US Dollar, Federal Reserve, US Real Yields, EUR/USD, European Central Bank – Talking Points:
- Equity markets stabilized during the APAC session as the recent selling in the bond market subsided.
- Climbing real yields, and a relatively unfazed Federal Reserve may open the door for USD to gain ground against its major counterparts.
- EUR/USD is at risk of extended losses after collapsing back below the 100-MA.
Equity markets dipped marginally lower during Asia-Pacific trade as the relentless selling in global bond markets subsided. Australia’s ASX 200 slid 0.74%, Japan’s Nikkei 225 dropped 0.23%, Hong Kong’s Hang Seng Index fell 0.06%, and China’s CSI 300 slipped 0.11% lower.
In FX markets, the cyclically-sensitive CAD outperformed as crude oil prices surged above $64 a barrel, alongside the haven-associated USD and CHF. Gold and silver prices drifted lower despite yields on US 10-year Treasuries holding relatively steady.
Looking ahead, the US non-farm payrolls report for February headlines the economic docket alongside Canadian trade balance date from the month of January.
Finance Prop Economic Calendar
Unfazed Powell Sends Yields Soaring Higher
As mentioned in previous reports, a lack of regard from Federal Reserve Chair Jerome Powell surrounding the relentless sell-off in US Treasury markets would probably send yields higher, and in turn strengthen the US Dollar. That is indeed what happened overnight, with Powell’s comments underwhelming market participants and resulting in yields on US 10-year Treasuries spiking to the highest levels since February 2018.

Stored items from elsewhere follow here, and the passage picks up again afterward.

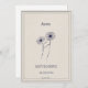 Gift card date to personalize. Flower of the month of birth of September: Aster. Solid white face. Original design made on Procreate.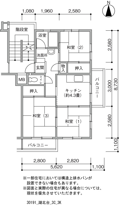 図面と実際の住宅が異なる場合については、現状を優先させていただきます。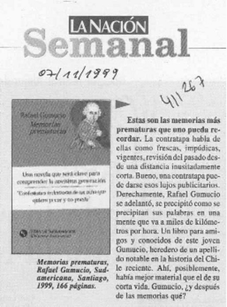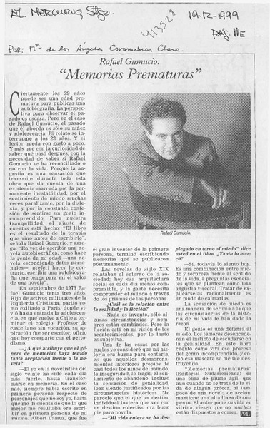 Autores chilenos - entrevistas - Gumucio Araya, Rafael - Memorias prematuras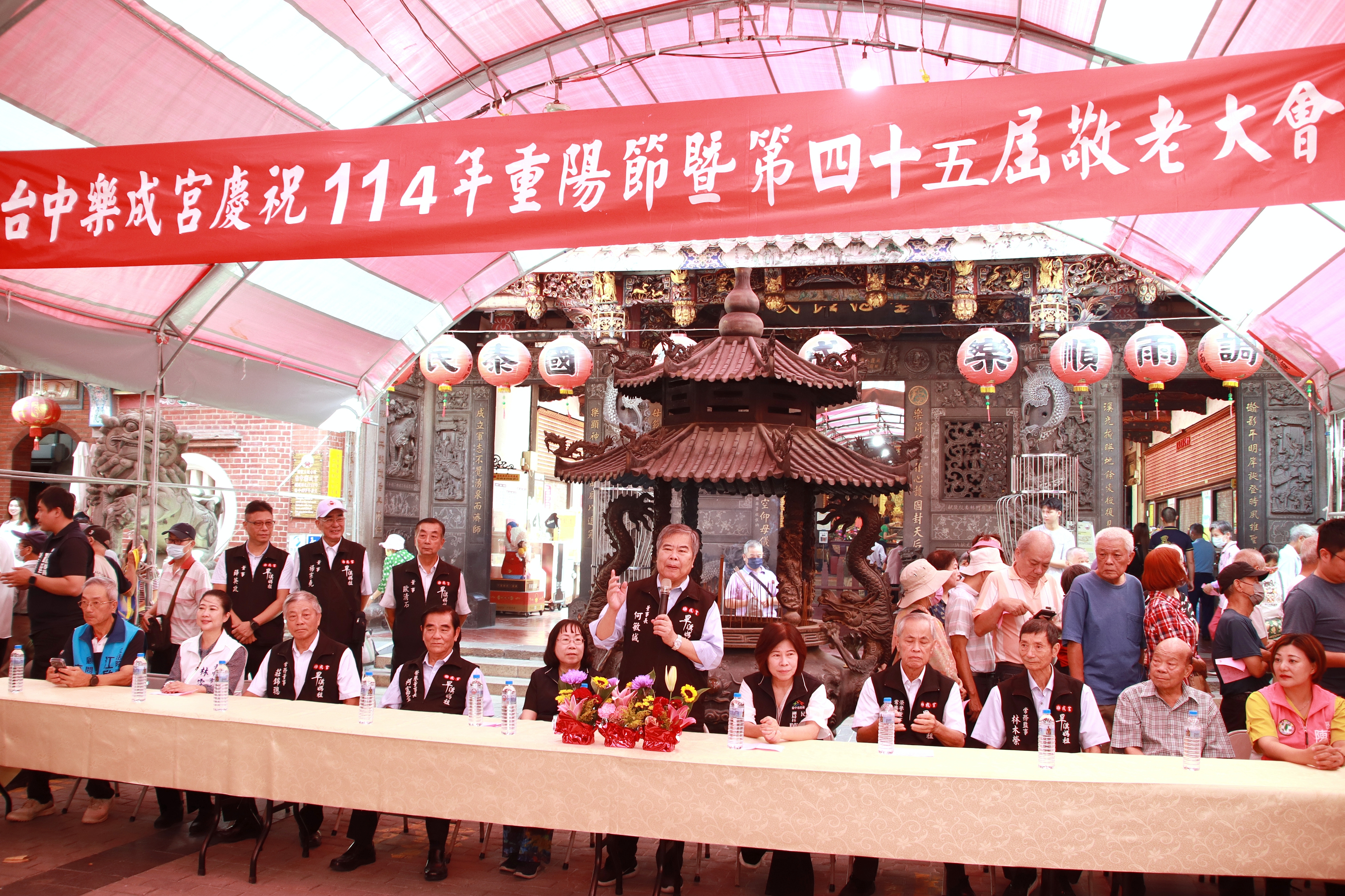 台中樂成宮秉持「老吾老以及人之老」宏揚敬老文化,感恩長者過去對家庭、社會、國家的貢獻,功不可滅,沒有他們過去的努力,就沒有後代子孫的豐衣足食,敬老實質是對老人過去辛勞的一種精神回報,更以媽祖慈悲、關懷及崇敬的態度來舉辦重陽敬老大會已屆滿44年。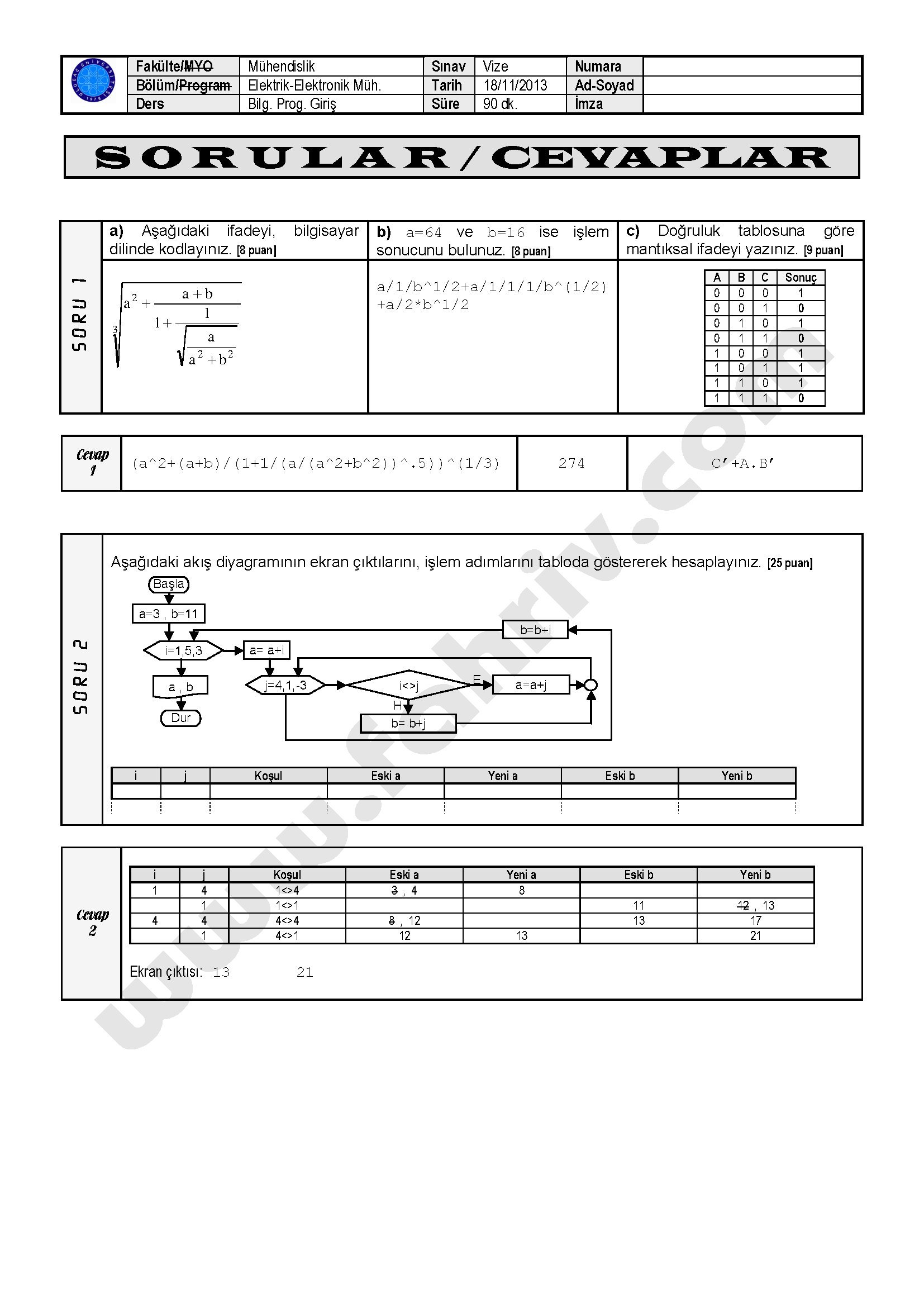 Bilgisayar Programlama Giriş Vize Soruları - 18.11.2013

When asked about the rise in longer-term rates, Powell stated that it “was something that was notable and caught my attention” but failed to hint at any impending action from the central bank. Instead, the Chairman reiterated that the Fed is still a “long way from our goals” and will be patient in assessing when the right time will be to eventually begin tapering monetary policy measures.
The absence of concern from the Fed Chair has opened the door for real rates to rebound higher, and may ultimately result in the US Dollar continuing to gain ground in the near term. Moreover, the possibility that the European Central bank will increase its weekly bond purchases to cap an unwanted rise in long-term yields, could trigger further losses for the EUR/USD exchange rate.
Data Source – Bloomberg
EUR/USD Daily Chart – 200-MA in the Crosshairs
From a technical perspective, EUR/USD rates look set to continue sliding lower in the coming weeks, as price slices through key psychological support at the 1.200 mark and the 100-day moving average.
With the RSI diving below 40, and the MACD slipping into negative territory, the path of least resistance seems lower.
A daily close below 1.1950 would probably intensify selling pressure and carve a path for price to challenge psychological support at 1.1900. Clearing that brings the sentiment-defining 200-MA (1.1810) into the crosshairs.
Alternatively, if 1.1950 holds firm, a relief rally back towards range resistance at 1.2035 – 1.2055 could be in the offing.
EUR/USD daily chart created using Tradingview
Finance Prop Client Sentiment Report
The Finance Prop Client Sentiment Report shows 54.43% of traders are net-long with the ratio of traders long to short at 1.19 to 1. The number of traders net-long is 15.33% higher than yesterday and 44.37% higher from last week, while the number of traders net-short is 20.82% lower than yesterday and 22.01% lower from last week.
We typically take a contrarian view to crowd sentiment, and the fact traders are net-long suggests EUR/USD prices may continue to fall.
Traders are further net-long than yesterday and last week, and the combination of current sentiment and recent changes gives us a stronger EUR/USD-bearish contrarian trading bias.